Automated Vulnerability Management for the Power Grid

by Andreas Klien, OMICRIN electronics, GmbH, Austria

This article addresses the challenges of vulnerability management in the power grid, specifically the inadequate detection of security vulnerabilities in protection and control devices in power plants, substations, and control centers. It discusses the difficulties in correlating security advisories with PAC devices and the effort required to implement effective vulnerability management. The article presents an automated solution based on leveraging the capabilities of IEC 61850 and the Common Security Advisory Framework (CSAF). The proposed solution uses a vulnerability database developed specifically for PAC systems that incorporates expert knowledge about these devices and systems.

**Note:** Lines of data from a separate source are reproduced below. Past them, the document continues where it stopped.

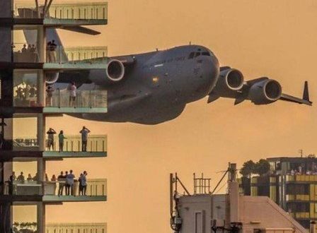Na verdade, eram dois aviões – um cargueiro C-17A Globemaster e um caça F/A-18F Super Hornet – da Real Força Aérea do país passando perto dos prédios.
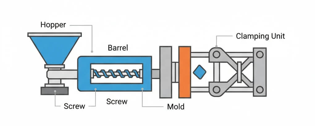 اجزای کلیدی دستگاه تزریق (واحد تزریق، واحد گیره، کنترلر)
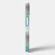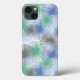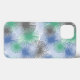 Este estuche de teléfono tiene un diseño moderno de mediados de siglo de starburst en glaucous (azul), gris, azul claro y verde.

The Information Security Officer asks the responsible PAC engineer: “Are we affected by the critical vulnerability in firmware version 7.5 of the ACME A63xx family of protection relays?”

After two days of analysis, the PAC engineer replies: “Well, it depends.”

Cyber Assets

In the power grid context, assets are typically primary equipment like transformers, switchgear, or whole substations. In the remainder of this article, the term “asset” will refer to cyber assets. Also, for cyber assets, there are multiple definitions possible on what is covered by it. In short, cyber assets could be summarized, everything that needs to be protected against cyber risks. Cyber assets include hardware, software, and other elements that facilitate the communication, processing, storage, and management of digital information.

Cyber assets can be categorized into these types:

Hardware: Physical devices such as protection, automation, and control devices, servers, routers, switches, firewalls, computers, smartphones, and IoT devices. In short, if it has a firmware or software running on it, it is a cyber asset
Software: Software components that run on hardware devices, such as applications and operating systems. An example is also energy management systems, distributed over multiple servers
Data: Information stored, processed, or transmitted by an organization, including both sensitive and non-sensitive data

All of these cyber assets need to be tracked and monitored to be protected against cyber risks. Therefore, creating and maintaining a cyber asset inventory is critical for effective cybersecurity management, risk assessment, and incident response. It is the only way how a clear understanding of assets, their locations, and their configurations can be upheld.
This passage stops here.